Exercise
Reproduce word for word every line from the one containing "Step up in back" to the final line of the data below; omit the pictures.

Data block
════════════════

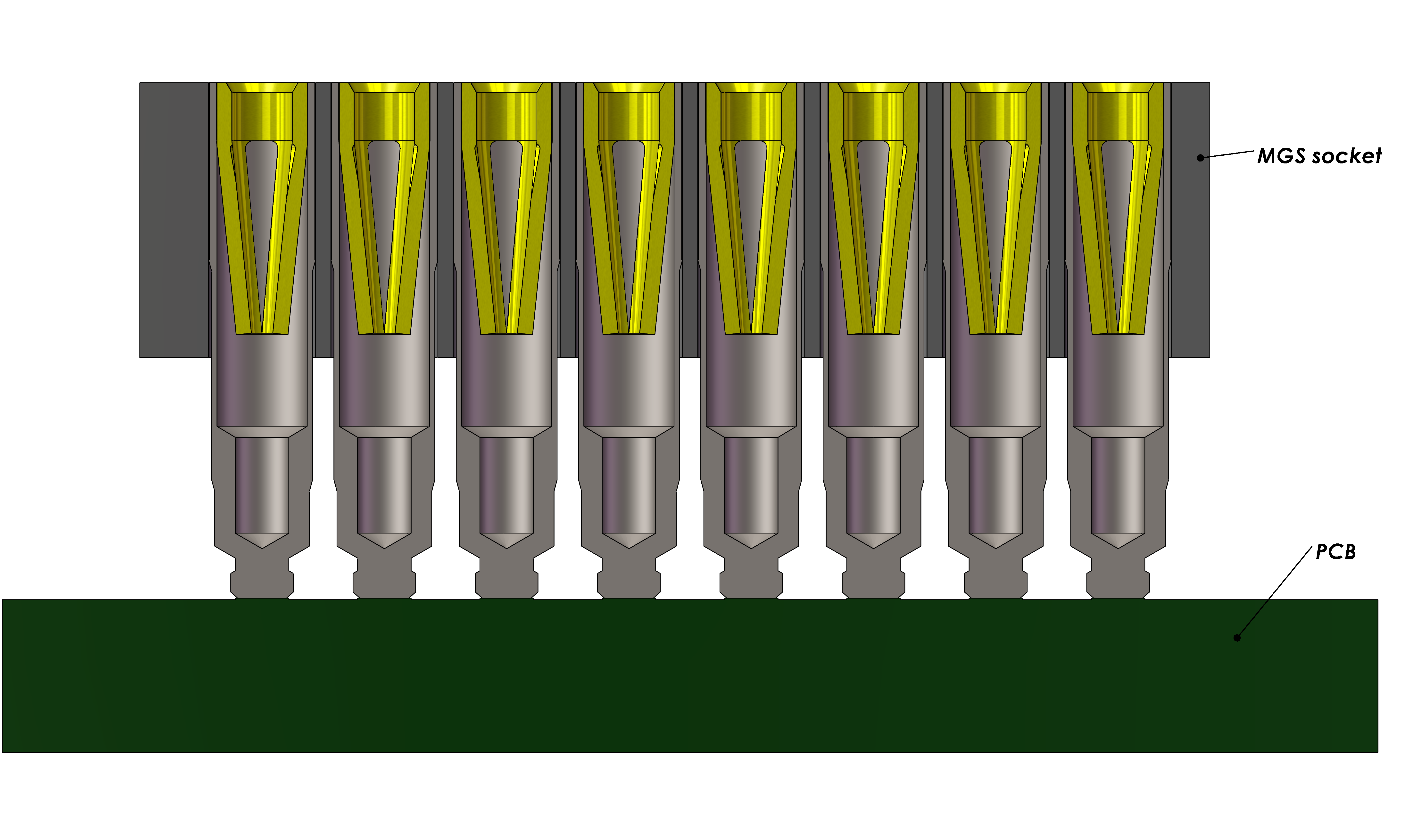 MGS MiniGrid Socket SMT hole precision turned contacts, High temp Insulator Epoxy. Pitch 0.80 to 2.00 mm available, other on request. Possibility to have any pin-out, configuration and grid size adapted to the chip and customer requirements. Open frame socket bodies are also available on request. Special terminal designs are possible on request also. Platings Tin/Gold, Tin/Tin or Gold/Gold.
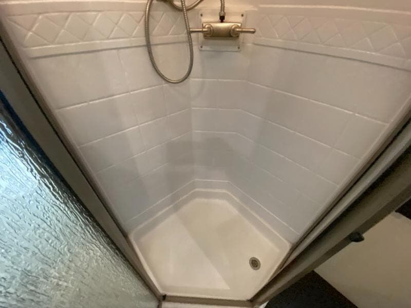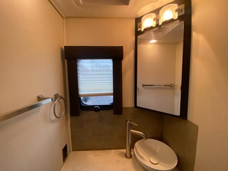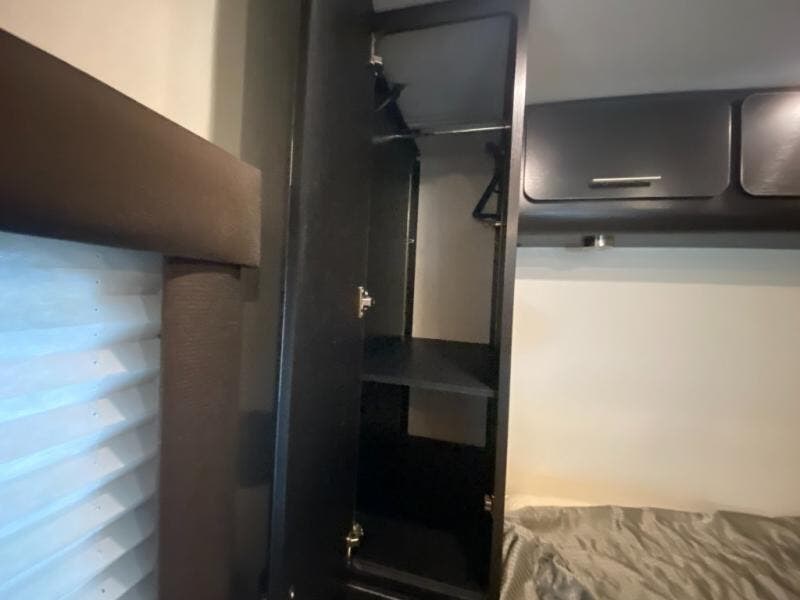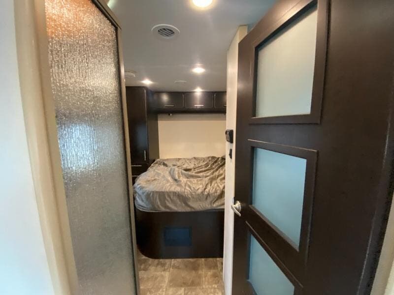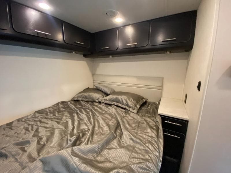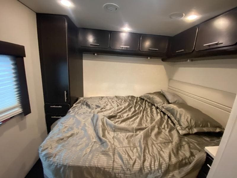 Step up in back to a rear bedroom that slides out. The queen bed is 76" x 60" and features nightstands on either side. There are dual wardrobes just off the foot of the bed on either side, plus so much more!
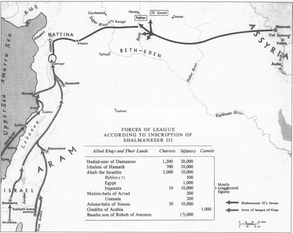 아합의 군세는 전차 2,000대와 병사 10,000명으로 추산된다. 그러나 실제로 아합 군대의 전차 수는 아마도 수백 대에 가까웠을 것이다(이 지역의 고고학적 발굴과 발견된 마구간 터를 기반으로 함). 그러나 숫자가 동맹군을 지칭하는 경우 티레, 유다, 에돔 및 모압의 군대를 포함할 수 있다. 아시리아 왕은 승리를 주장했지만, BC 849년과 846년에 그의 즉각적인 귀환과 불특정 연합에 대한 원정은 그가 지속적인 성공을 거두지 못한 것으로 추정된다. 한편, 히브리 성경에 따르면 7,000명의 군대를 가진 아합은 이전에 사마리아를 포위하기 위해 온 벤하닷과 그의 32명의 왕을 전복시켰고, 이듬해에 아마도 샤론 평야인 것으로 추정되는 아벡에서 그에 대한 결정적인 승리를 얻었다(왕상 20장). 벤하닷은 그의 아버지가 아합의 아버지로부터 빼앗은 도시를 돌려주고 다메섹과 사마리아 사이의 무역 시설이 허용되는 조약이 체결되었다.

════════════════

Exercise answer
 Step up in back to a rear bedroom that slides out. The queen bed is 76" x 60" and features nightstands on either side. There are dual wardrobes just off the foot of the bed on either side, plus so much more!
 아합의 군세는 전차 2,000대와 병사 10,000명으로 추산된다. 그러나 실제로 아합 군대의 전차 수는 아마도 수백 대에 가까웠을 것이다(이 지역의 고고학적 발굴과 발견된 마구간 터를 기반으로 함). 그러나 숫자가 동맹군을 지칭하는 경우 티레, 유다, 에돔 및 모압의 군대를 포함할 수 있다. 아시리아 왕은 승리를 주장했지만, BC 849년과 846년에 그의 즉각적인 귀환과 불특정 연합에 대한 원정은 그가 지속적인 성공을 거두지 못한 것으로 추정된다. 한편, 히브리 성경에 따르면 7,000명의 군대를 가진 아합은 이전에 사마리아를 포위하기 위해 온 벤하닷과 그의 32명의 왕을 전복시켰고, 이듬해에 아마도 샤론 평야인 것으로 추정되는 아벡에서 그에 대한 결정적인 승리를 얻었다(왕상 20장). 벤하닷은 그의 아버지가 아합의 아버지로부터 빼앗은 도시를 돌려주고 다메섹과 사마리아 사이의 무역 시설이 허용되는 조약이 체결되었다.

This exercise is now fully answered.